Nem notou que já estavam passando do portão da faculdade. Kaio dirigia concentrado, ou talvez fosse nervosismo. Ele trocou quatro vezes de marcha até chegar na Avenida Santa Tecla, e só acertou duas de primeira. Tocava uma música no rádio, Leo não conhecia.
— Te pago com um pancho — disse assim que conseguiu raciocinar.
— Não precisa me pagar, mas eu aceito.
— Tava fazendo alguma coisa? Te atrapalhei?
— Tava na minha meditação diária sobre ir ou não para a aula — disse. — Inclusive, ainda não decidi.
Leo não respondeu, ele não estava em seu funcionamento normal, se perdeu um pouco mais com a imagem de Kaio, como a camiseta branca e larga caía bem nele, como a luz do sol poente o favorecia.
Kaio percebeu os olhares, não tinha como não perceber, Leo não sabia disfarçar. Resolveu falar alguma coisa, não sabia lidar com aquele tipo de silêncio como sabia lidar com os outros.

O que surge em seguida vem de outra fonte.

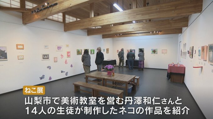 この作品展は山梨市で美術教室を営む丹澤和仁さんと14人の生徒が制作したネコにモチーフにした作品を紹介するものです。
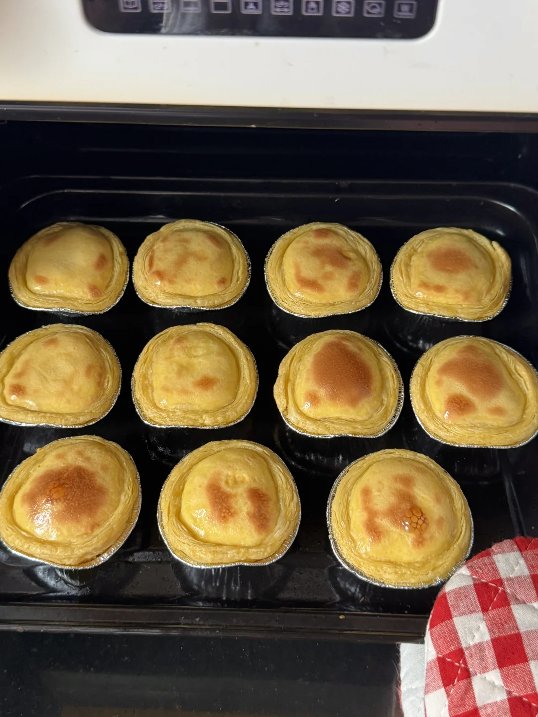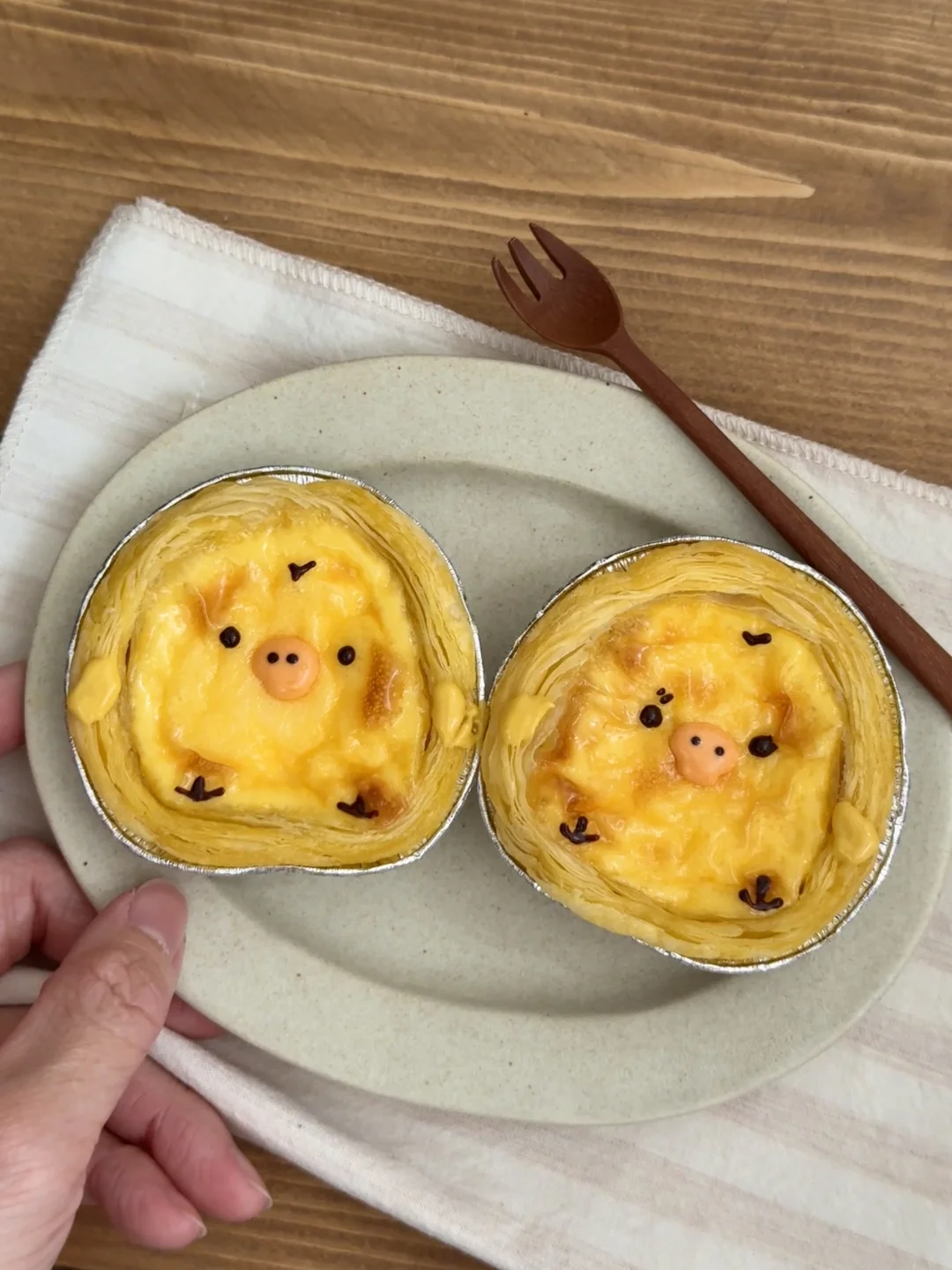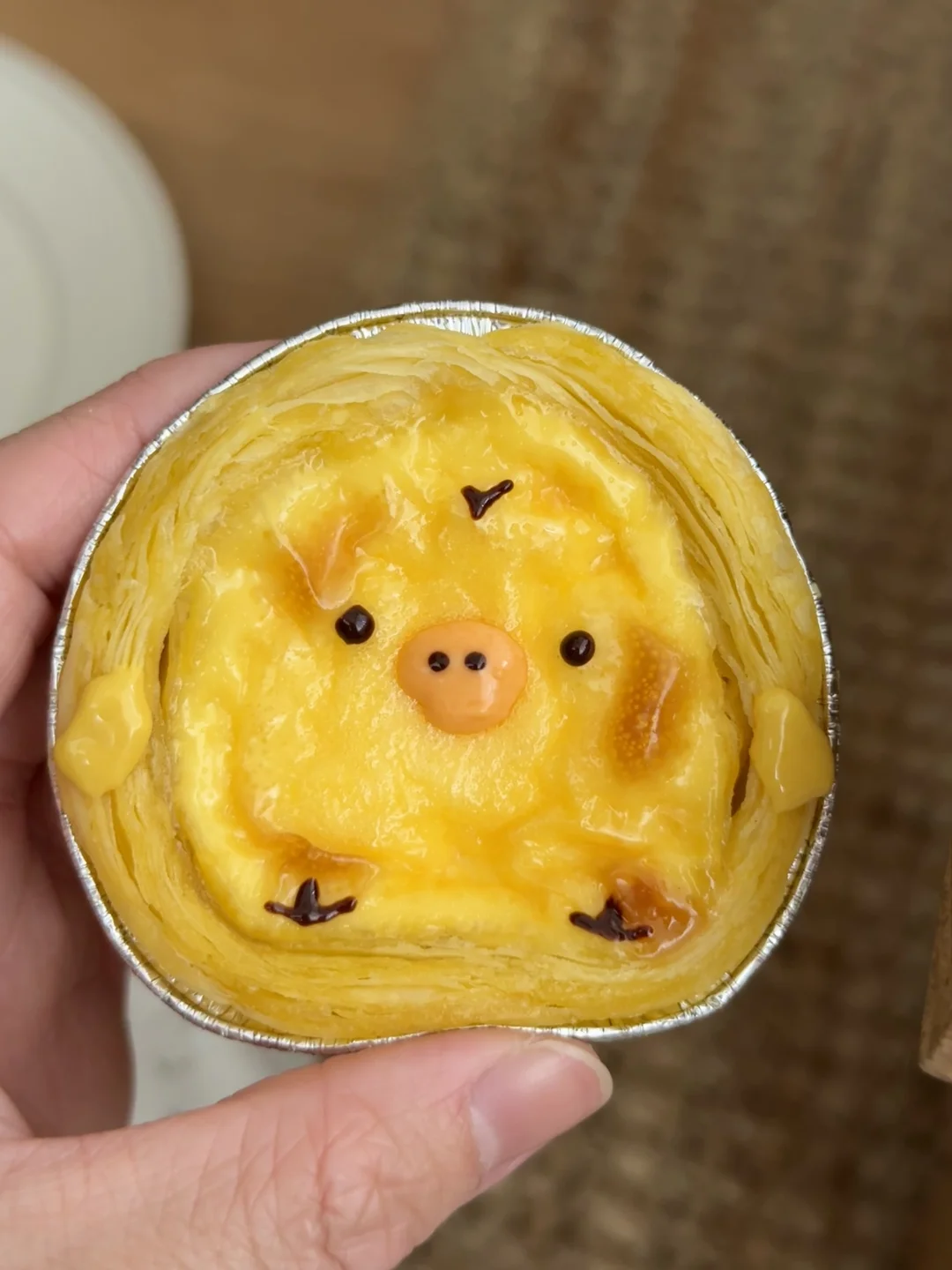 今天消耗一下冰箱里的淡奶油和蛋挞皮 做了可爱的鼻孔鸡蛋挞 - 材料:蛋挞皮10-12个、牛奶80g、淡奶油180g、炼奶70g、蛋黄2个、全蛋1个 步骤: 1️⃣制作蛋挞液前先把蛋挞皮拿出来解冻一下 2️⃣将蛋液、炼奶、牛奶、淡奶油全部混合搅拌均匀,过筛2遍,烤箱预热的期间让蛋挞液静置一会 3️⃣解冻好的蛋挞皮稍微捏成小鸡的形状,将蛋挞液倒入蛋挞皮里,送入烤箱210度烤25分钟,出炉后用巧克力酱画表情

— Já sei que teu “Leo” não é de “Leonardo” — começou a falar. — Mas, afinal, é de quê? Leonel?
— Não tenho 60 anos pra me chamar “Leonel”.
— Leôncio, então? — tentou mais uma vez. — Leônidas?
— Piorou.
— Leorio? — Não podia perder a chance de fazer uma piada de otakinho.
Leo riu.
— Se eu sou o Leorio, tu é quem? O Kurapika? — Leo entrou na brincadeira.
— Tá querendo que eu cure a tua? — respondeu automaticamente, sem pensar antes.
Kaio sentiu o rosto aquecer, ficou nervoso, quase bateu o carro porque esqueceu de parar na rotatória. Torceu para que Leo não tivesse percebido. Mesmo sendo só uma piada, ele poderia interpretar como uma proposta. E será que não era mesmo uma proposta? Ainda não tinha tido coragem de ter uma conversa consigo mesmo sobre seus sentimentos sobre Leo.
No outro banco, Leo estava tão nervoso quanto. Não sabia como responder, se deveria retrucar com outra piada ou se deveria dizer apenas “quero”. Acabou ficando em silêncio.
Kaio sentia que Leo não ter respondido era quase pior do que qualquer coisa que ele poderia ter respondido. Será que ele tinha deixado as coisas estranhas? Ele não queria parecer um cara esquisito que dá caronas em troca de favores sexuais.
Ficaram em silêncio até o fim do caminho, só se podia ouvir a música que saía dos alto-falantes do carro e os barulhos das ruas. Kaio nunca ficou tão aliviado por ter chegado até a URCAMP sem bater o carro.